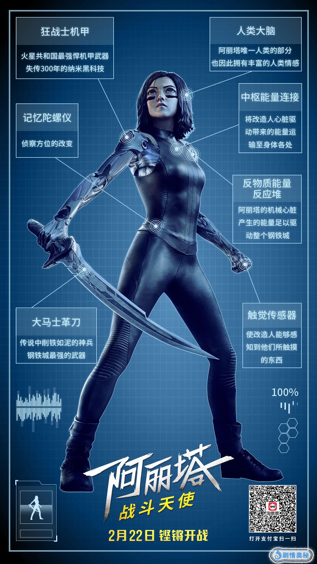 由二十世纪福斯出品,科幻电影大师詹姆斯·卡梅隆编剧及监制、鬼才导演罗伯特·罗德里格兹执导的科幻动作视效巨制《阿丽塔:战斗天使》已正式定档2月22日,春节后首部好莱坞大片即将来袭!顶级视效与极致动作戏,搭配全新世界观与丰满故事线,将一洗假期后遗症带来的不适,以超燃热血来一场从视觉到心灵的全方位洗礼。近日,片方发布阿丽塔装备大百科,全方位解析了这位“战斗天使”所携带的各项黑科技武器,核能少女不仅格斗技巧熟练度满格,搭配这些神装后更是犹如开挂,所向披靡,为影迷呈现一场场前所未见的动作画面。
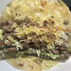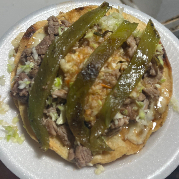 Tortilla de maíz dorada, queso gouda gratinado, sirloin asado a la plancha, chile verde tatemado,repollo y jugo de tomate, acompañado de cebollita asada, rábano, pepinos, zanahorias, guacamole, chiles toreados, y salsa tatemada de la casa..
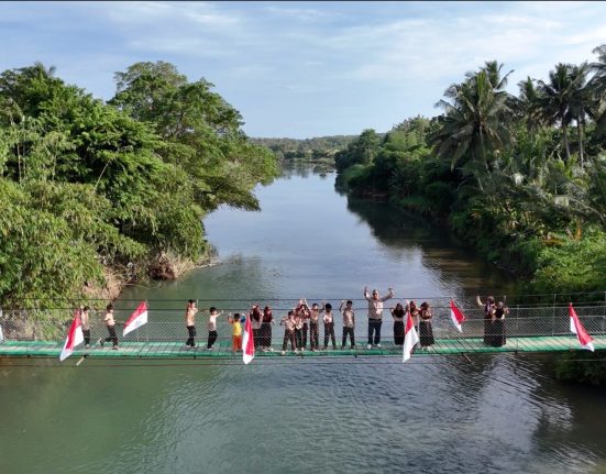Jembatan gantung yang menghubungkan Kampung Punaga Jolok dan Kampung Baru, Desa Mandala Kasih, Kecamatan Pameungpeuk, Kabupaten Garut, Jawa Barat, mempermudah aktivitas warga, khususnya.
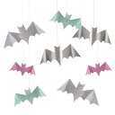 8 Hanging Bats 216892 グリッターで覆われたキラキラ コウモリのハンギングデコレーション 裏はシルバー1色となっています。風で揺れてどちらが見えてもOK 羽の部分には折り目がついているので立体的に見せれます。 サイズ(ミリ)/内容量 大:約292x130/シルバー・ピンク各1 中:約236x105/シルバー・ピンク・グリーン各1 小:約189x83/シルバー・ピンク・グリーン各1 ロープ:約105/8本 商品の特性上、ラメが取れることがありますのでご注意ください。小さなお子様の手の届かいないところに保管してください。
---
▸ **WORK REQUEST**
Word for word, restate the lines above from the one with "Tortilla de maíz" through the one with "Jembatan gantung yang", keeping both ends and dropping the pictures.

▸ **TASK SOLUTION**
 Tortilla de maíz dorada, queso gouda gratinado, sirloin asado a la plancha, chile verde tatemado,repollo y jugo de tomate, acompañado de cebollita asada, rábano, pepinos, zanahorias, guacamole, chiles toreados, y salsa tatemada de la casa..
Jembatan gantung yang menghubungkan Kampung Punaga Jolok dan Kampung Baru, Desa Mandala Kasih, Kecamatan Pameungpeuk, Kabupaten Garut, Jawa Barat, mempermudah aktivitas warga, khususnya.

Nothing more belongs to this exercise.